Get your message across in an interview – without sounding like a robot…

Former Labour party leader Ed Miliband, in a recent podcast, has talked about one of his most cringe-worthy moments as leader, back in 2011. In a pre-recorded interview with ITV news that turned into a bit of a car-crash, he was so keen to get his ‘key message’ across that he kept parroting almost the same words in his answers to every question. He admits now he ‘looked like a robot’. The interview is old but the lessons are current – without sounding like an idiot, how do you ensure your main point comes across in a broadcast interview, rather than ending up on the (now-metaphorical) cutting-room floor? In a ‘live’ interview you have to have your wits about you, to look for opportunities to legitimately make your points, while still answering the interviewer’s questions as far as practicable. I have heard PR people advise business leaders, particularly if they are in trouble, ‘whatever the question, just keep repeating your key message’ – but this is the opposite to what I would advise. It will just be blindingly obvious to all viewers/listeners that you are avoiding the question, and make you look a lot worse.

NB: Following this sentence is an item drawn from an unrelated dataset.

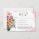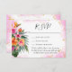 Voll anpassbare traditionelle Hochzeit RSVP Karte mit QR-Code-Option auf der Rückseite, um Ihren Gästen mehr Optionen zu antworten. Die Einrichtung besteht aus einem farbenfrohen, tropischen Blumenstrauß in Rosa, Orange und Grün, mit rosa und Imitat goldenen Farbtönen.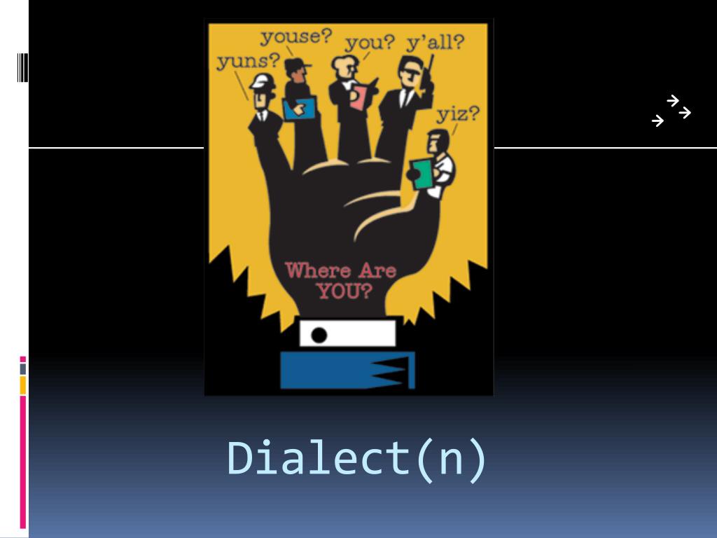 Dialect (noun) • Use of words or phrases that are limited to a certain area • NORTH: “Plug that IN for me, please.” • SOUTH: “Plug that UP for me, please.” • NORTH: “HIT the lights!” • SOUTH: “CUT OFF the lights!”

With a pre-recorded interview like Ed Miliband’s, the criteria are different. First, you need to understand if they are going to run the full interview, or at least a good part of it, including the interviewer’s questions – as in ‘earlier I spoke to Joe Blow and I asked him …’ In this case it’s best to treat the interview ‘as live’. Very often though, the broadcaster actually just wants a 20-second soundbite or two to be sandwiched between the scripted elements of a reporter’s ‘package’. This is the situation I imagine Mr Miliband thought he was in – in which case having a couple of goes at your key pre-prepared soundbite is a pretty good idea, to make sure the reporter is clear what you are trying to get across, and ideally has a couple of options he/she can work with. In this situation, if you think you haven’t got the point across succinctly, you can always ask if you can ‘have another go’. The critical mistake though is to imagine that your key message is actually the bit the reporter is looking for – it may not be. So you still need to answer the questions – just try to make sure that the central point you want to get across stands out as the punchiest soundbite in the interview, so the reporter is likely to choose it for broadcast ahead of any of your alternative answers.